I had grown accustomed to having him around to share the burden of Elizabeth. Now the full brunt of her affection fell on me. My work was suffering; I had no time to file my reports properly. And I lived in fear of her gossiping. What was she telling her Village friends? (“You know David? He’s not really a man, you know. Actually inside him there’s a kind of crab-thing from another solar system. But what does that matter? Love’s a universal phenomenon. The truly loving person doesn’t draw limits around the planet.”) I longed for my release. To go home; to accept my punishment; to shed my false skin. To empty my mind of Elizabeth.

My reply came through the ultrawave on November 13. Application denied. I was to remain on Earth and continue my work as before. Transfers to Homeworld were granted only for reasons of health.

I debated sending a full account of my treason to Homeworld and thus bringing about my certain recall. But I hesitated, overwhelmed with despair. Dark brooding seized me. “Why so sad?” Elizabeth asked. What could I say? That my attempt at escaping from her had failed? “I love you,” she said. “I’ve never felt so real before.” Nuzzling against my cheek. Fingers knotted in my hair. A seductive whisper. “David, open yourself up again. Your chest, I mean. I want to see the inner you. To make sure I’m not frightened of it. Please? You’ve only let me see you once.” And then, when I had: “May I kiss you, David?” I was appalled. But I let her. She was unafraid. Transfigured by happiness. She is a cosmic nuisance, but I fear I’m getting to like her.

Can I leave her? I wish Swanson had not vanished. I need advice.

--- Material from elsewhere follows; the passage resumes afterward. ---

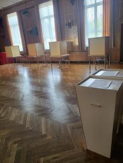 Bild zeigt Wahllokal in Lehesten. Foto: Vockeroth
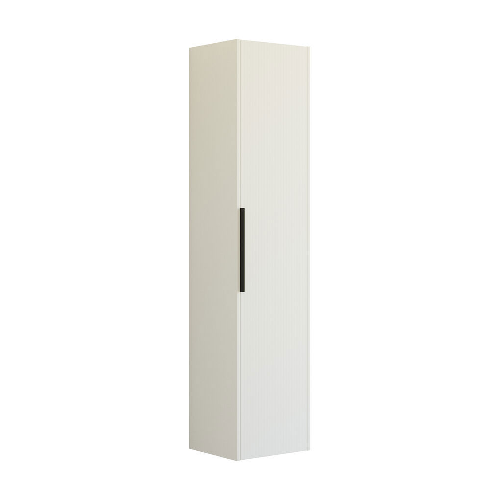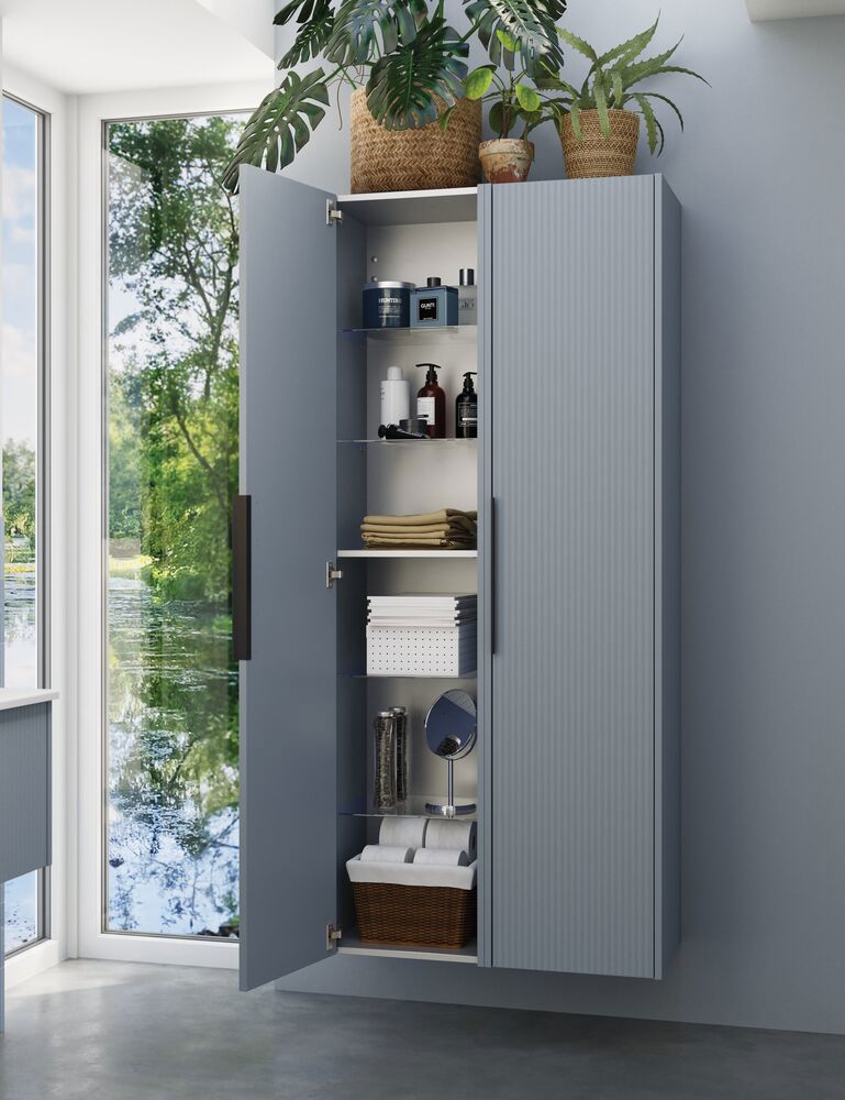 Tämässä korkeassa kaapissa yhdistyvät käännettävän oven joustavuus ja tyylikäs raidallinen etuosa, joka tuo modernin lisän kylpyhuoneeseesi. Sisällä on puuhylly ja 4 lasihyllyä, jotka tarjoavat runsaasti tilaa hygieniatuotteiden järjestämiseen. Kaappi on saatavana valkoisena, hiekanvärisenä tai vaaleansinisenä, ja asennetun kahvan ansiosta kaappi on heti käyttövalmis.

Either I break with Elizabeth or I break with Homeworld. This is absurd. I find new chasms of despondency every day. I am unable to do my work. I have requested a transfer once again, without giving details. The first snow of the winter today.

Application denied.

“When I found you with Swanson,” she said, “it was a terrible shock. An even bigger blow than when you first came out of your chest. I mean, it was startling to find out you weren’t human, but it didn’t hit me in any emotional way, it didn’t threaten me. But then, to come back a few hours later and find you with one of your own kind, to know that you wanted to shut me out, that I had no place in your life—Only we worked it out, didn’t we?” Kissing me. Tears of joy in her eyes. How did this happen? Where did it all begin? Existence was once so simple. I have tried to trace the chain of events that brought me from there to here, and I cannot. I was outside of my false body for eight hours today. The longest spell so far. Elizabeth is talking of going to the islands with me for the winter. A secluded cottage that her friends will make available. Of course, I must not leave my post without permission. And it takes months simply to get a reply.